Active multi-cluster blast radius

Active multi-cluster blast radius is the reliability property obtained by running N independent orchestration clusters active- active, each receiving a 1/N share of every service's real traffic. The key invariant: a cluster-scoped failure (or operator error) damages at most 1/N of in-flight requests, not the full fleet.

The usual setup:

  • N ≥ 2 clusters, disjoint control planes (each has its own API server, CoreDNS, etcd, scheduler, etc.).
  • Each service is deployed identically into every cluster.
  • Traffic splits approximately evenly — typically via DNS weights, a regional edge LB, or client-side per-cluster endpoint rotation.
  • Cluster-scoped operations (config rollout, upgrade, patch) proceed cluster-by-cluster so at any instant N-1 clusters are healthy.

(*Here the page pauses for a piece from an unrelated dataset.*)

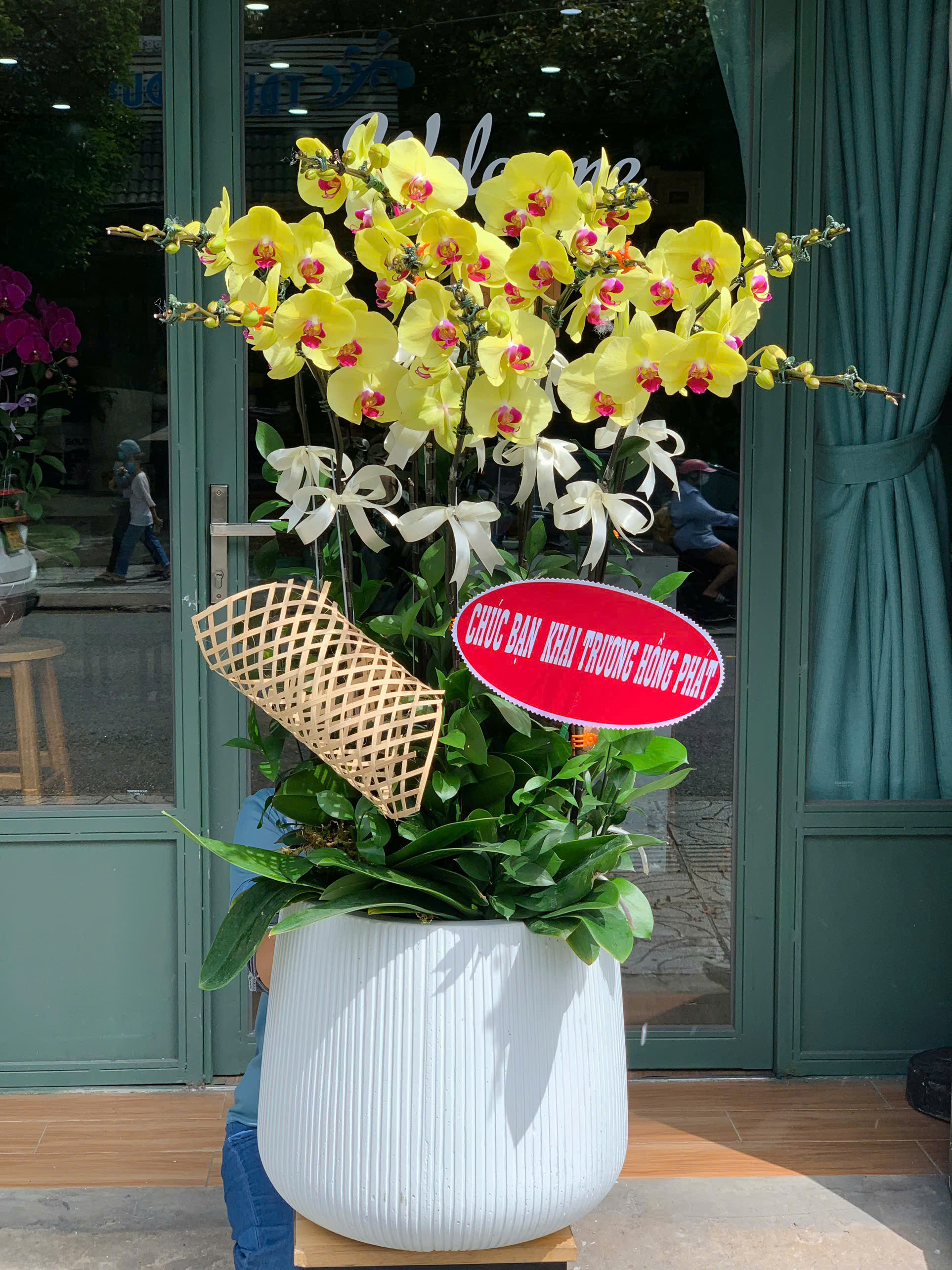 Chậu lan gồm 9 cành hoa lan hạng A bông to, chậu sứ và trang trí đẹp hiện đại.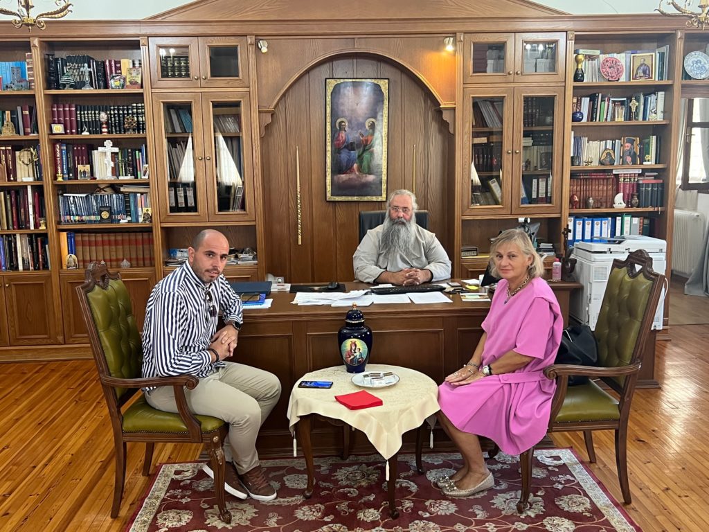 Οι εκδηλώσεις που θα διοργανώσουν η Ιερά Μητρόπολη Κίτρους, Κατερίνης και Πλαταμώνος και ο Δήμος Κατερίνης στα φετινά ΑΙΚΑΤΕΡΙΝΕΙΑ καθώς και με αφορμή τη συμπλήρωση 110 ετών από την απελευθέρωση της πόλης, βρέθηκαν στο επίκεντρο της συνάντησης του Σεβασμιωτάτου Μητροπολίτη Κίτρους, Κατερίνης και Πλαταμώνος κ. Γεωργίου με τον Πρόεδρο του Οργανισμού Πολιτισμού, Παιδείας, Αθλητισμού και Πρόνοιας (Ο.Π.Π.Α.Π.) του Δήμου Κατερίνης κ. Γιάννη Νταντάμη και την Αντιπρόεδρο του Ο.Π.Π.Α.Π. κα Μιράντα Παππά.

What cluster-scoped failures look like

  • API-server / etcd outage in one cluster → new pods don't schedule there; existing pods keep serving if the data plane is independent.
  • CoreDNS wedged or recreated. Figma's concrete incident: operator destroyed + recreated CoreDNS on one production cluster. On a single-cluster topology this would have been a full outage. On 3-cluster active-active it cost 1/3 of request traffic, and most downstream callers recovered via retries against the other 2/3.
  • Bad cluster config (NetworkPolicy, cluster-scoped operator, cluster-wide resource limit) → blast radius ≤ 1/N.
  • Cluster upgrade / restart. Roll the upgrade through clusters one at a time; the rest keep serving.

What it doesn't help with

  • Code/image bugs — deployed identically to every cluster, they break everywhere. The cluster split is about orchestration-layer failure modes; application-layer rollouts still need staged rollout.
  • Shared dependencies outside the cluster (databases, S3, upstream APIs). If all clusters talk to one RDS instance, that's a single failure domain.
  • User sessions with cross-cluster state. Long-lived websockets pinned to one cluster, user-scoped sticky-routing — if the user's cluster dies, their session dies with it. Usually addressed by making sessions reconnect-tolerant rather than by routing around the failure.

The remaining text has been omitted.